Have you tried turning it off and on again?

Die before ye die Hadith attributed to Nabi

If you die before you die, you won’t die when you die Inscription over a door at St. Paul’s monastery in Mount Athos

The death and rebirth motif in religion is really the key and the sum total of spiritual experience, from per-historic shamanism to modern-day NRGs (New Religious Groups). “Death” here clearly doesn’t refer to physical death, and neither can it refer to loss of consciousness, since the process of death and rebirth is experienced by a conscious subject. If “feels” like a death, even though nobody can possibly know what death feels like, if anything. And it “feels” like a rebirth, even though no one can remember what their birth was like.

There is a mystery here, which is, appropriately enough, the mystery of the mystics.
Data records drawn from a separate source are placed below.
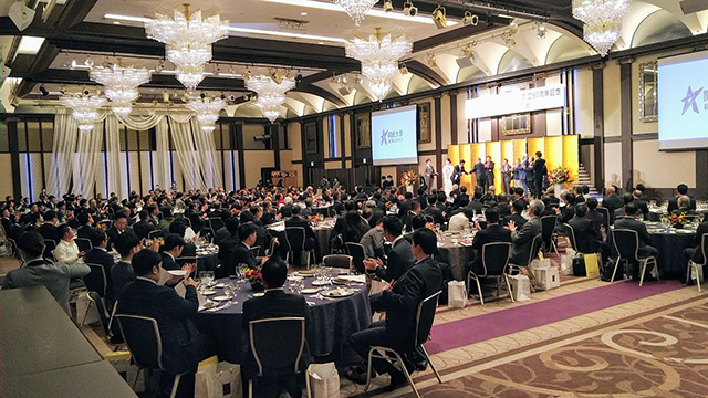 お祝いのビデオメッセージが流れ、フィギュアスケーター 高橋大輔氏、アナウンサー 宮根誠司氏、歌舞伎役者・俳優 片岡愛之助氏など、関西大学関係者の各業界著名人11人が華を添えた。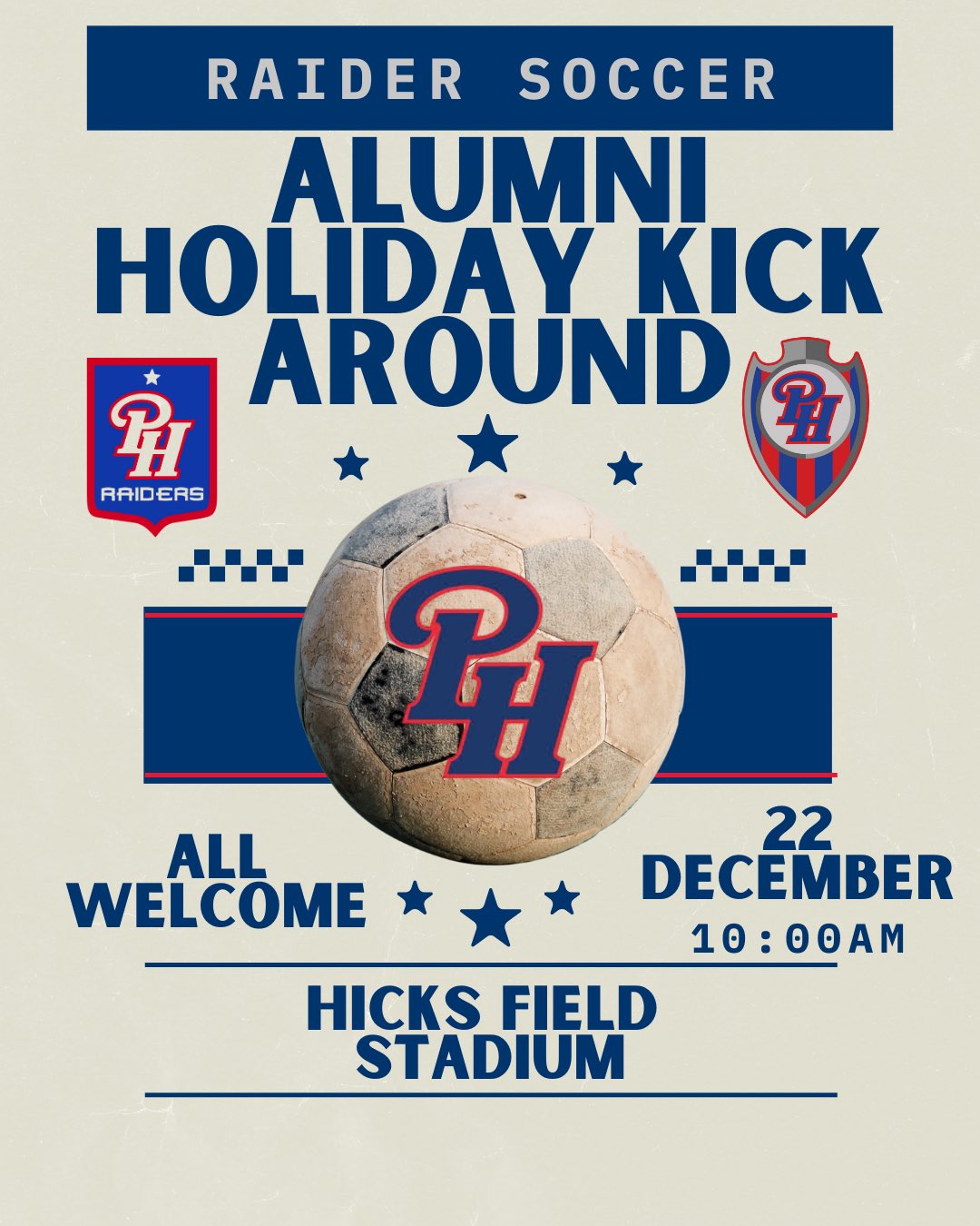 Raider fans your soccer team have battled their way to the district championship match against the Guardians of St. Michael!! Tomorrow, 6:30 on Hicks Field!! Be there and be loud!! #phraidernation#tng#jogabonito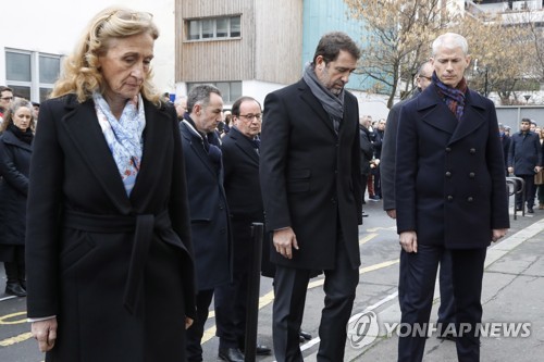 (LtoR) French Justice Minister Nicole Belloubet, French Interior Minister Christophe Castaner and French Culture Minister Franck Riester stand outside Charlie Hebdo's former offices 07 January 2020 in Paris, France, during a ceremony marking the fifth anniversary of the jihadist attack of the satirical magazine that killed 12 people. The attack on the weekly with its long history of mocking Islam and other religions was the first in a series of assaults that have claimed more than 250 lives since 07 January 2015, mostly at the hands of young French-born jihadists. EPA/FRANCOIS GUILLOT / POOL MAXPPP OUT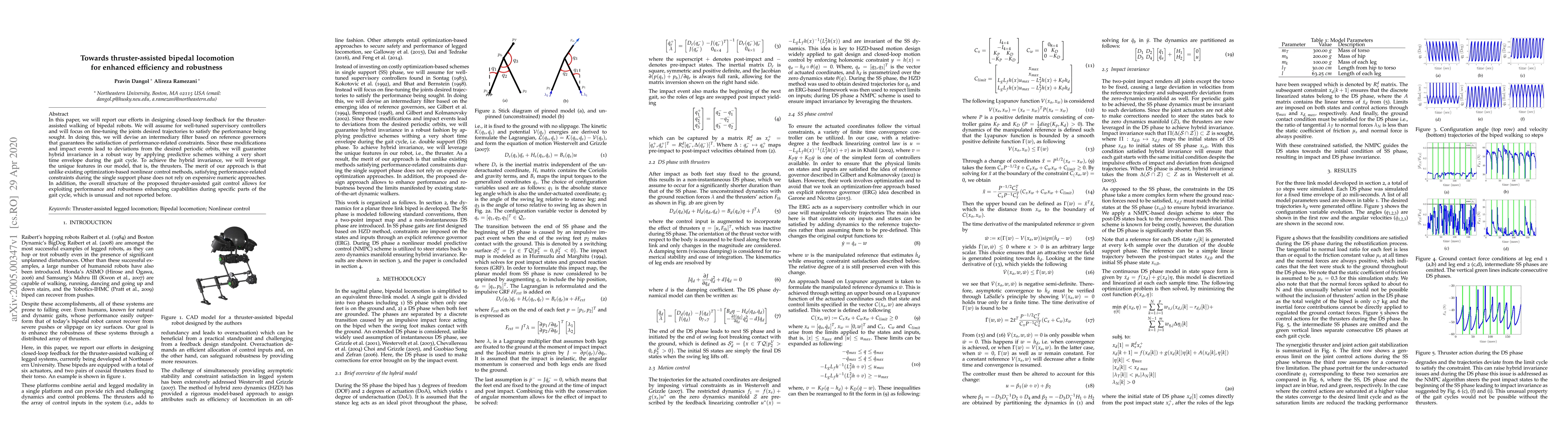 In this paper, we will report our efforts in designing closed-loop feedback for the thruster-assisted walking of bipedal robots. We will assume for well-tuned supervisory controllers and will focus on fine-tuning the joints desired trajectories to satisfy the performance being sought. In doing this, we will devise an intermediary filter based on reference governors that guarantees the satisfaction of performance-related constraints. Since these modifications and impact events lead to deviations from the desired periodic orbits, we will guarantee hybrid invariance in a robust way by applying predictive schemes withing a very short time envelope during the gait cycle. To achieve the hybrid invariance, we will leverage the unique features in our model, that is, the thrusters. The merit of our approach is that unlike existing optimization-based nonlinear control methods, satisfying performance-related constraints during the single support phase does not rely on expensive numeric approaches. In addition, the overall structure of the proposed thruster-assisted gait control allows for exploiting performance and robustness enhancing capabilities during specific parts of the gait cycle, which is unusual and not reported before.

The anonymous fourtheenth century author of The Cloud of Unknowing didn’t speak in terms of death and rebirth, but in terms of forgetting and remembering. This is perhaps a more realistic, although less dramatic metaphor. By forgetting who you are in a “cloud of forgetting”, you enter a “cloud of unknowing” between you and God, which is the only way to gnosis, the direct experiential knowing, the anamnesis or “unforgetting”, of who you are and who God is, which is ultimately found to be the same thing. In other words, you forget your identity as a human being and remember your identity as God, or in the stronger language of death and rebirth, you die as a human being and are reborn as God.

Mysticism is dedicated to exploring this process of theosis or deification. For those who are open to such heights of spiritual ambition, it is presented as the pinnacle of human achievement, as the final goal of the spiritual quest. However, since you don’t physically die, you inevitably come back down to Earth (what goes up must come down). You forget that you are God and remember that you are a human being.

But you are changed. You’re not exactly the same human being as you were before your death and rebirth escapade. You feel refreshed, revived, rebooted. It’s as if your operating system was running sluggishly and someone turned you off and on again. Perhaps part of your brain has been temporarily shut down, perhaps your left hemisphere or your default mode network. Who knows? The important thing is that you feel more alive than you did when you started.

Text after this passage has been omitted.